▶ [ENTRIES SUPPLIED]
######

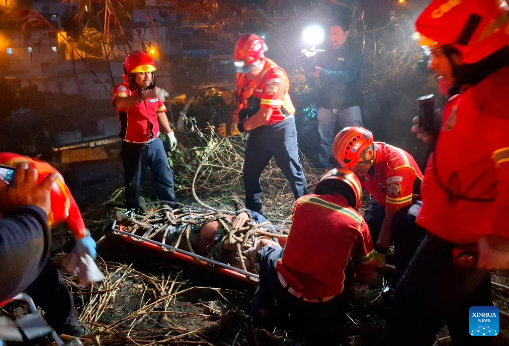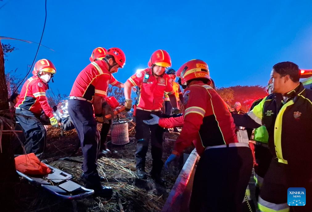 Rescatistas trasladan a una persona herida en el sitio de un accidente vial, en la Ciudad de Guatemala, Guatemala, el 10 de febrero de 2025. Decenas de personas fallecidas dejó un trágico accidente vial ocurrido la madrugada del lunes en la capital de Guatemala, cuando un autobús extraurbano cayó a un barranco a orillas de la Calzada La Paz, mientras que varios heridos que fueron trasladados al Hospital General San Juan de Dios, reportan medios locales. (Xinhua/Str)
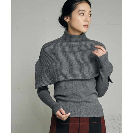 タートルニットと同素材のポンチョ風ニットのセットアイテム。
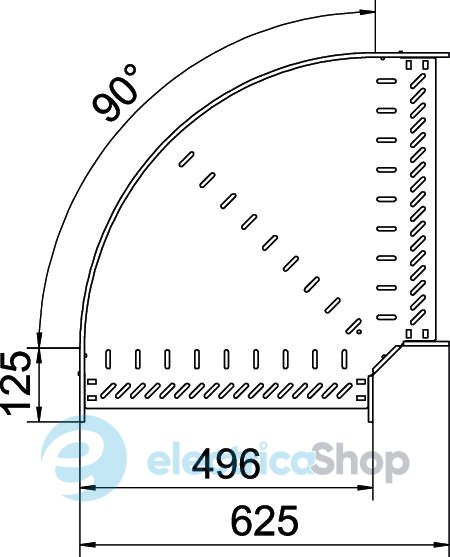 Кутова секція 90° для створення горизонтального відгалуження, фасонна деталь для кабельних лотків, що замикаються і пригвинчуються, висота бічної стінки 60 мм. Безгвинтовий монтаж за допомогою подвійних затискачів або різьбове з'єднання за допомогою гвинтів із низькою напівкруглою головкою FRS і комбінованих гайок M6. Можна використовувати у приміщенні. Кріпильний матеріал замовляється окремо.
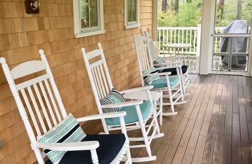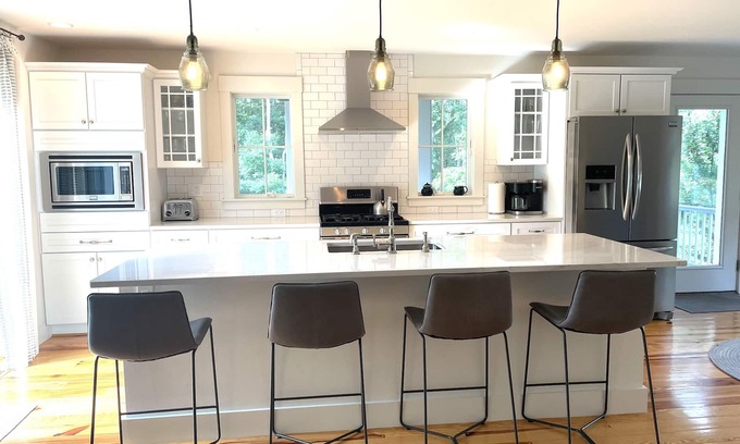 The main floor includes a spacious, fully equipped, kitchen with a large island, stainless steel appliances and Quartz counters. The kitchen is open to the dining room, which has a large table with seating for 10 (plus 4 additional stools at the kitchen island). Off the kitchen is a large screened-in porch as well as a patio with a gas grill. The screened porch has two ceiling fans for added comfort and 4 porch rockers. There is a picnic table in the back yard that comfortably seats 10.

######

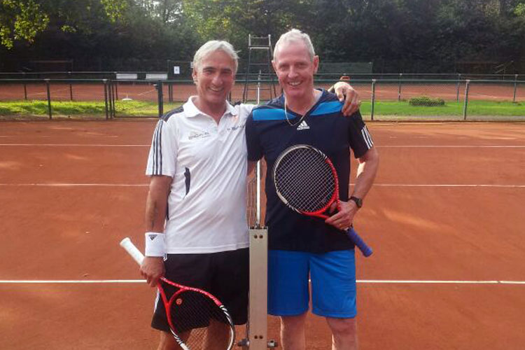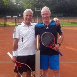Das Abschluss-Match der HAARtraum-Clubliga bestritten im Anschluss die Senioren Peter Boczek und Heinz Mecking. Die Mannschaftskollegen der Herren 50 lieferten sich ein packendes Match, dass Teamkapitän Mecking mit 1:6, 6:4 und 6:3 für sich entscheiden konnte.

######

▶ [EXERCISE DETAILS] Everything above from the line that has "タートルニットと同素材のポンチョ風ニットのセットアイテム。" down to the line that has "Кутова секція 90°" should be output exactly, with both of those lines included. Leave the pictures behind.

▶ [SOLUTION BELOW]
 タートルニットと同素材のポンチョ風ニットのセットアイテム。
 Кутова секція 90° для створення горизонтального відгалуження, фасонна деталь для кабельних лотків, що замикаються і пригвинчуються, висота бічної стінки 60 мм. Безгвинтовий монтаж за допомогою подвійних затискачів або різьбове з'єднання за допомогою гвинтів із низькою напівкруглою головкою FRS і комбінованих гайок M6. Можна використовувати у приміщенні. Кріпильний матеріал замовляється окремо.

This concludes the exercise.